A Walk on the Wildside: December

South Yorkshire environmentalist Ian Rotherham shares his tips on the wildlife in and around the area in December.

South Yorkshire environmentalist Ian Rotherham of Sheffield Hallam University shares his tips on the wildlife in and around the area at this time of year. You can read his observations on other months by clicking below.

Ian and Rony welcome your letters, comments, sightings and records. Phone 0114 279 6699. For your nature sightings and photos...

Coal tit

Coal tit

December: Christmas cheer

These last few weeks a few of the garden birds have perked up their appetites with more species and greater numbers on the birdfeeders.

We’ve seen Nuthatch, Great Spotted Woodpecker, Blue Tit, Great Tit, and Goldfinches. A tiny Coal tit has become regular and the Long-tailed Tits are around too. A few cold nights as we had a couple of weeks ago and they soon come in to feed.

Tawny Owl

Tawny Owl

Mistle Thrush and the occasional Blackbird have been singing but only sporadically. My local Tawny Owls have certainly become more vocal over the past few days.

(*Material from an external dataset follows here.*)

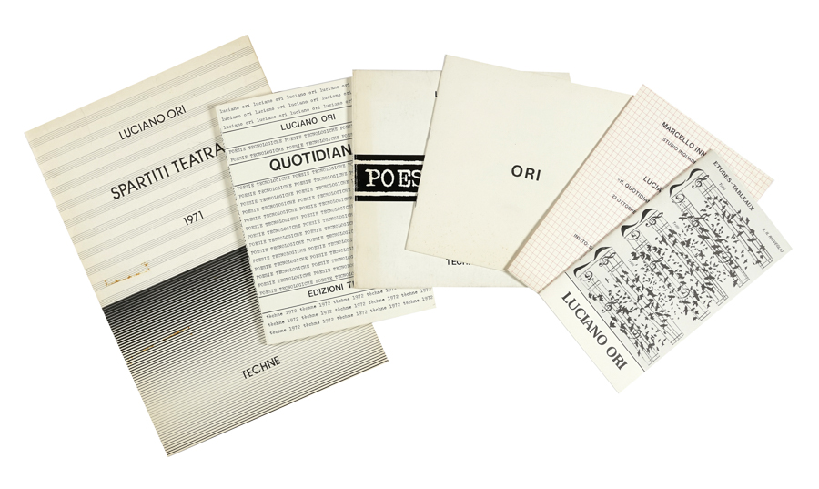 Ori Luciano, 6 opere di e su Luciano Ori e la Poesia Visiva. XX secolo. Compongono il lotto: 1) Ori Luciano, Spartiti teatrali 1971. Firenze: Te'chne, 1973; 2) Id., Quotidiana. Poesie tecnologiche 1964-1968. Firenze: Edizioni Tèchne, 1972; 3) Id., Poesia Visiva. Firenze: Edizioni Tèchne, 1972; 4) Bellini Rolando, Luciano Ori. Musica e altra musica. Firenze: Il Bisonte, 1992; 5) Ori. Catalogo della mostra alla galleria Il Canale di Venezia del 1-14 giugno 1974; 6) Invito alla mostra Marcello Innocenti. Studio Inquadrature 33. Luciano Ori. Il Quotidiano cancellato. 23 ottobre-18 novembre 1982. (6)I OPERA: Prima edizione di quest'opera in cui l'autore ha lavorato su un materiale costituito da articoli di giornale, trattandolo con sottolineature, cancellature e notazioni musicali.

Is it a sign of early breeding? It might be for some of these birds but not necessarily.

Mistle Thrushes, like Blackbirds, are certainly territorial and they sing actively in the breeding season.

But they are also territorial around favoured feeding sites in winter and can get decidedly stroppy close to a favourite berry bush or fruit tree in winter. Here they will display and repel rival Thrushes, Blackbirds and Fieldfares.

Mistle thrush

Mistle thrush

The subject of Mistle Thrushes or Mistletoe Thrushes brings me seamlessly to my Christmas theme.

Much of the Christmas imagery and decoration is to do with greenery and evergreens. Indeed most of the greenery which is so prized and celebrated - such as Holly, Mistletoe, and in some regions Rosemary, Bay or other evergreens, is decidedly pagan and has overtones of fertility.

Bitterns booming at Potteric

Potteric Carr Nature Reserve near Doncaster is witness to what will hopefully be one of Yorkshire’s newest additions to the resident bird list.

The Bittern is back as a regular winter visitor and hopefully very soon will stay to breed. Then perhaps Potteric and South Doncaster will resound to the deep, sonorous ‘booming’ of the male Bitterns early in the breeding season.

Bittern in flight, © David Plumpton

Bittern in flight, © David Plumpton

This winter there are at least three birds - but maybe more, since in the dense reedbeds and extensive Willow Carr wetland it is not easy to see them, let alone count them.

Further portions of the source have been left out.